Lagos Battles Counterfeit Drugs

Published on 4th August 2009

The Initiative for Public Policy Analysis, a Nigeria public policy think tank, Africa Fighting Malaria and American Enterprise Institute, a Washington DC think tank, have published a working paper: Drug Use in Nigeria.

 

The paper indicates there is prevalence of sub-standard and fake drugs in Nigeria but this is on decline. The paper also discovered irrational drug use and healthcare personnel acknowledged patients purchasing medicines from unregistered channels, and without valid prescriptions.

 

For decades, Nigeria was plagued by counterfeit and poor-quality medicines. In 2002, the World Health Organization reported that 70 percent of drugs in Nigeria were fake or substandard; the National Agency for Food and Drug Administration and Control (NAFDAC) estimated that 41 percent of drugs alone were counterfeit (Yankus, 2006; Akunyili, 2007). Throughout the late 1990s and early 2000s, other peer-reviewed studies estimated the number between 36 and 48 percent (Shakoor et al., 1997; Taylor et al., 2001). Like many other developing countries, corruption in the healthcare sector was rife: drugs were routinely “leaked” from public facilities into the private market. Plum healthcare positions were bought and sold (Lewis, 2006; Gupta et al., 2004). Intellectual property rights remained among the world’s most poorly enforced.

 

According to the International Property Rights Index 2009, Nigeria ranked 94th out of 115 countries (Property Rights Alliance, 2009). Fake and substandard drugs levied a heavy cost in both economic terms and in lives lost.

 

In 1990, 109 children died after being administered fake paracetamol. Reports in the Nigerian media suggested that there was growing resistance to common first-line antimalarials likely driven by both irrational drug use (patients using the wrong medicines, in the wrong way) and the prevalence of substandard medicine (Reef, 2008).

 

Improvements have been made in the past decade, driven in part by the leadership of a reinvigorated NAFDAC, under then Director General Dora Akunyili (current Minister of Information), which improved policing and prosecution of counterfeiters.

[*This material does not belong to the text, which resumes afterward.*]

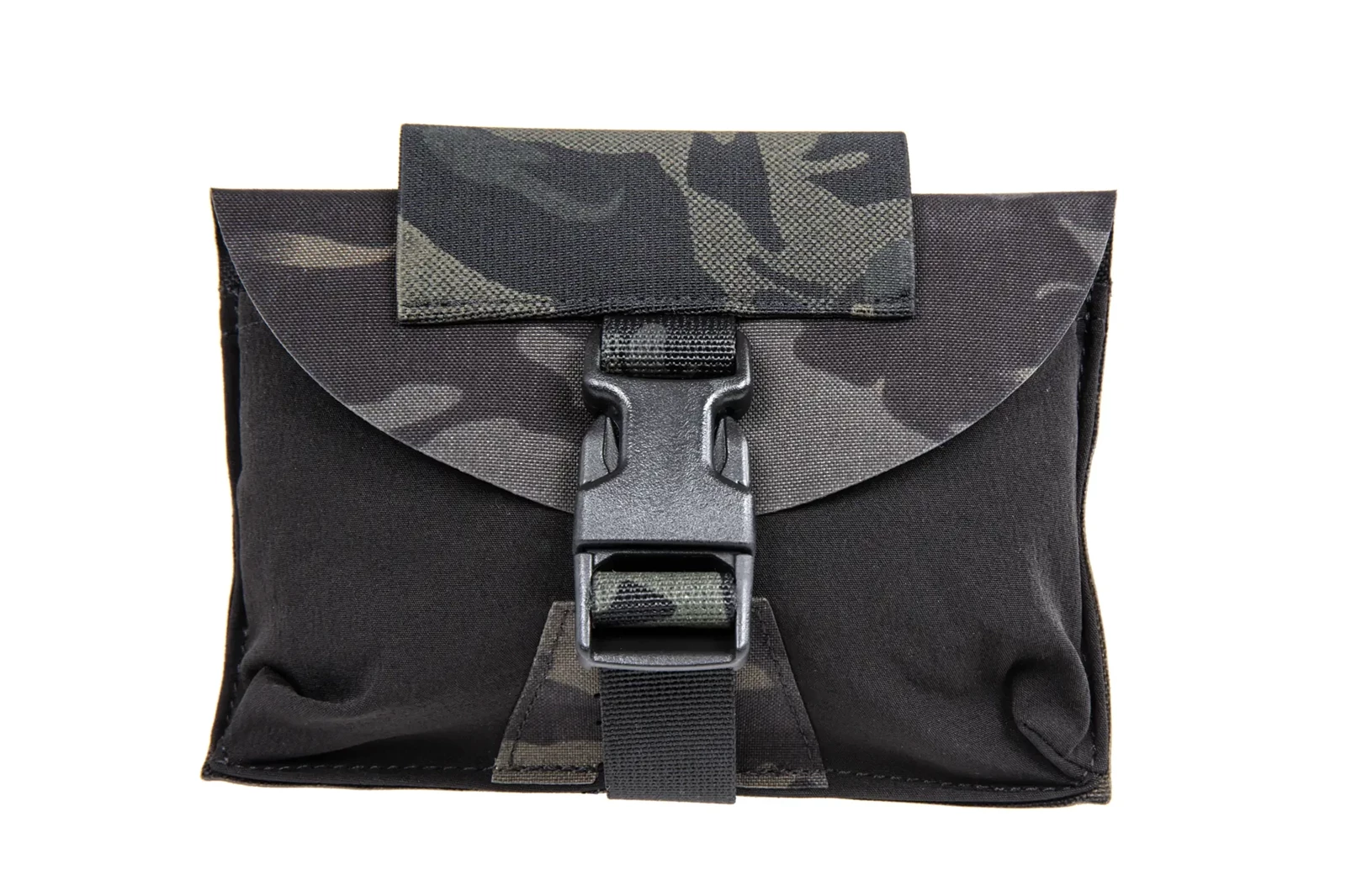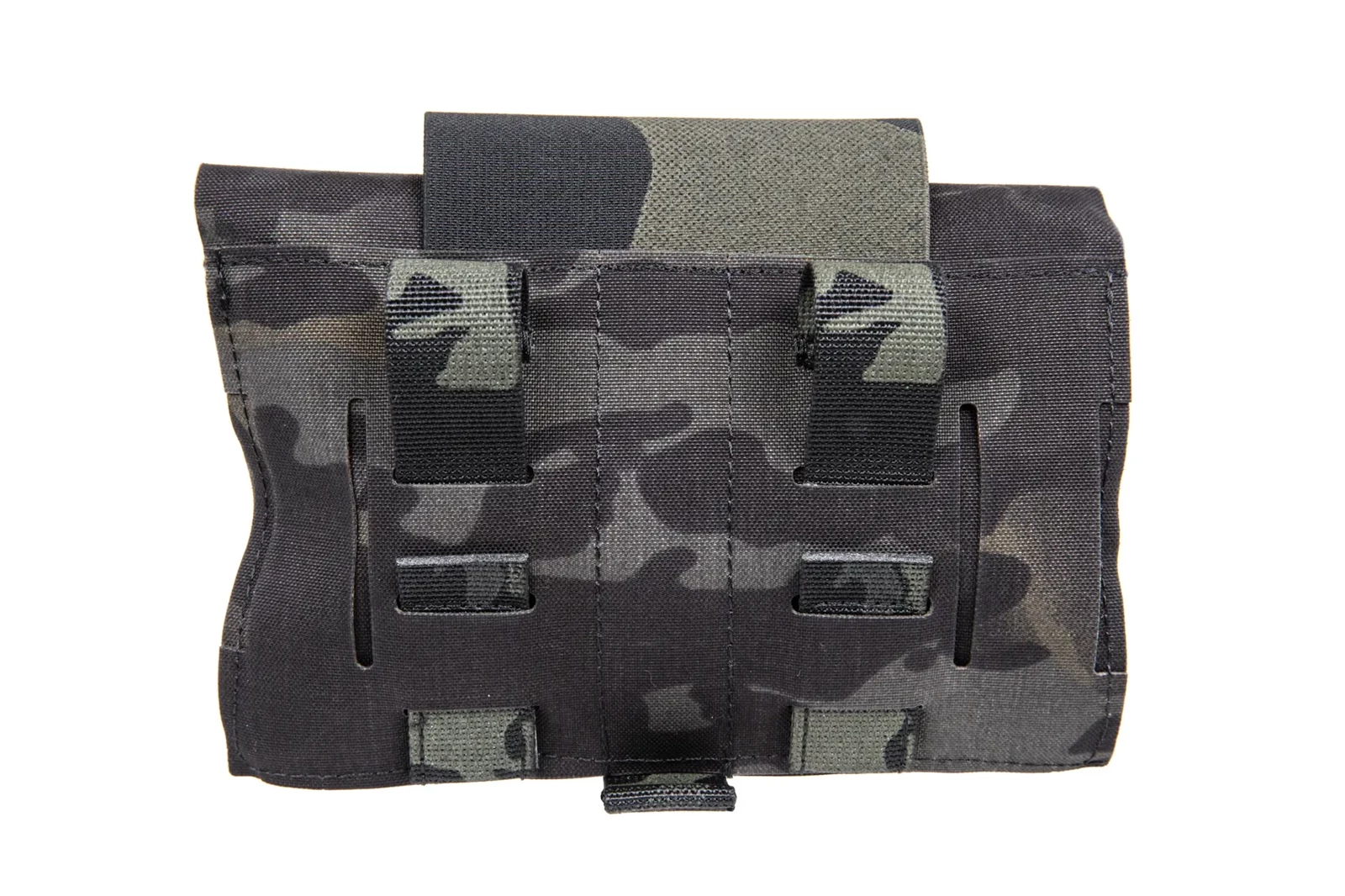 Na klapie apteczki znajduje się rękaw transportowy do stazy lub bandaży natomiast tylna ściana została wyposażona w panel Molle, który umożliwia montaż na pasku o szerokości do 50 mm lub taśmach w systemie Molle.

By 2006, the number of substandard and counterfeit medicines circulating in Nigeria’s market had fallen to around 16 percent, NAFDAC reported, and Nigerians were consistently ranking NAFDAC as among the most effective of Nigeria’s government agencies (Bate, 2008; NOI-Gallup, 2007-2008).

 

But problems remained. Fifty-one percent of Nigerians told Gallup-NOI in November 2008 that corruption in the country was higher than it had been five years earlier (NOI-Gallup, 2008). Thirty-two percent of a small sample of antimalarial drugs collected from Lagos area pharmacies in September 2007, as a part of a study of six African countries, failed thin-layer chromatography (TLC) and/or disintegration tests (Bate et al., 2008). Eighty-four children reportedly died between late 2008 and early 2009 from diethylene glycol-contaminated teething medicine “My Pikin Baby Teething Mixture” distributed by the NAFDAC-licensed Barewa Pharmaceuticals (Polgreen, 2009). Nigeria’s drug distribution system remains largely informal (Chiejina, 2009), and it is common knowledge that consumers routinely buy drugs from unregistered sources.

 

While analysts have explored institutional answers to the problem of counterfeit and substandard drugs—improving laws, increasing criminal penalties for counterfeiters, and making enforcement stronger and more consistent— few have explored consumer demand (Erhun et al., 2005; Wong, 2004). It was often assumed that consumers would purchase counterfeit and substandard drugs because they were cheaper—product appearance, prestige associated with use, perceived quality, a consumer’s general attitude toward counterfeiting, and prescription requirements were generally not considered even though some evidence suggested these variables were important (Lai et al, 1999; U.S. Food and Drug Administration, 2007).

 

The aim of this study was to assess the extent healthcare personnel in Nigeria are aware of the problem of counterfeit and substandard medicines, and how this influences their professional behavior. In addition, researchers explored how these attitudes contribute to, or else impede official regulatory initiatives to eliminate counterfeit and poor-quality drugs.